Cats hide when they aren't feeling well. I know that with our guy he will disappear (inside the house) for 2 days after getting his shots. <- I really hope that's what's going on with your old girl and you find her soon.


----------



## mylissyk (Feb 25, 2007)

That is so sad, I really hope she shows up. I had a cat that disappeared for three months and then suddenly showed up one day. Don't give up hope.


----------



## jackie_hubert (Jun 2, 2010)

I'm so sorry. I hope she is not lost somewhere suffering. Are there any GRF members or dog owners near you with tracking dogs?


----------



## Chelseanr (Oct 3, 2010)

Aww I hope she turns up so at least if she is going down hill you get to say goodbye :[ You'll be in my thoughts, hopefully she is just lost and will find her way home.


----------



## CarolinaCasey (Jun 1, 2007)

Keep looking, she is old. She might be disoriented and can't find her way home. I'd let the neighbors know she is missing. They may have seen her.


----------



## Noey (Feb 26, 2009)

have you posted handouts? Can you post a pic and give a location - we can look online at found adverts.

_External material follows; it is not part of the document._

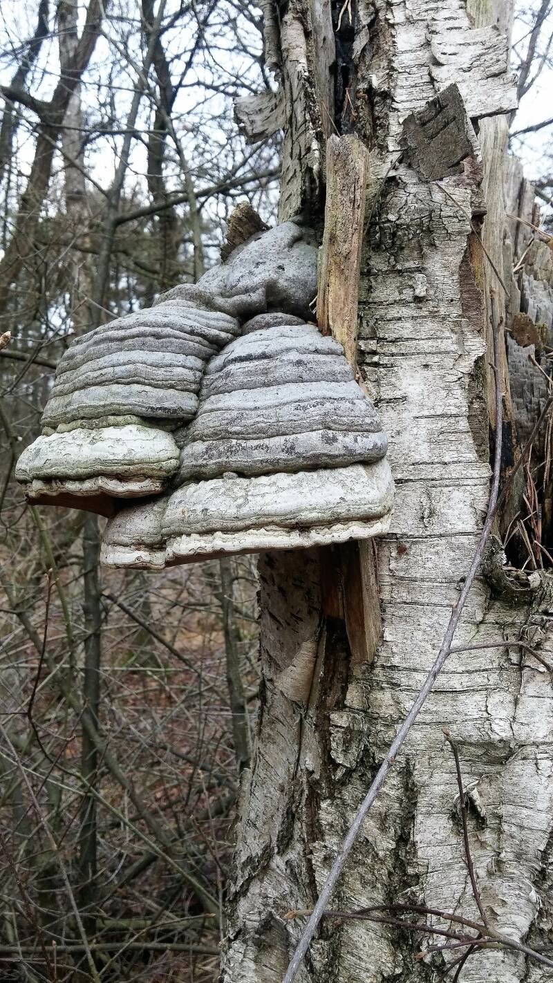 Lopend over mooie bospaden zag ik hier en daar fraaie zwammen waarvan één aan een dode stam van een berk en anderen met fraaie kleuren op dood hout wat op de grond lag.

I'm not sure how you did not kick the DH out - mine would be in the dog house big time.


----------



## Rainheart (Nov 28, 2010)

I hope you find her  My cat is an indoor/outdoor cat and when she was younger (she is almost 12 now) she would disappear for days at a time.


----------



## lgnutah (Feb 26, 2007)

I went into the garage, late late last night (had left garage door cracked so she could get back in) and there she was sleeping on her bean bag chair. My husband guessed she fell asleep somewhere and couldn't hear me calling. Anyway, she is inside on her stack of blankets where she likes to sleep. I would keep her inside all the time, but she won't put up with it.


----------



## Rainheart (Nov 28, 2010)

I'm so glad you found her! Don't worry, my cat would never be able to be an indoor only cat as well.


----------



## mag&bays mom (Sep 25, 2010)

great news!

so glad you found her and she is safe and sound =)


----------



## Karen519 (Aug 21, 2006)

*Ignutah*

Ignutah

Thank God you found her!!


----------



## Elisabeth Kazup (Aug 23, 2008)

I'm so glad she's back. I know if our barn kittie disappeared we'd be worried sick. He's such a sweetie. 

I think your husband is right about cats when the end is near. I hate to bring it up, but if you think she is getting to that point would it be better to (in the future sometime) to put her to sleep so she doesn't have to do it alone?

It would be so hard to not know where she is or what happened to her even though it's what cats do. (((((((((hugs)))))))))))))


----------



## cubbysan (Mar 13, 2007)

I think sometimes when cats disappear for a day or two, it is because they get stuck in somebody's garage or shed.


----------



## lgnutah (Feb 26, 2007)

I didn't think she moved more than about 100 ft from her bean bag chair these days, but maybe so. We are in the country-neighbor on one side does have sheds and barns so this is possible. There are lots of shrubs I might have missed looking under also.
Anyway, thanks for everyone's concern, and Teresa's offer this morning to bring Jack over to try to track her down (I told Brooks last night to "find Essie!" and he managed to flush some sleeping birds out of the bushes but not find her)


----------



## LDGrillo (Dec 20, 2010)

I'm happy to hear that Essie came back! I know cats aren't known for being put on a leash, but if you could find a longer, light-weight leash to hook around her collar while she is in the garage, that might be a good idea. I would hate for the same situation to happen again...

But that's only if you're comfortable with doing that.


----------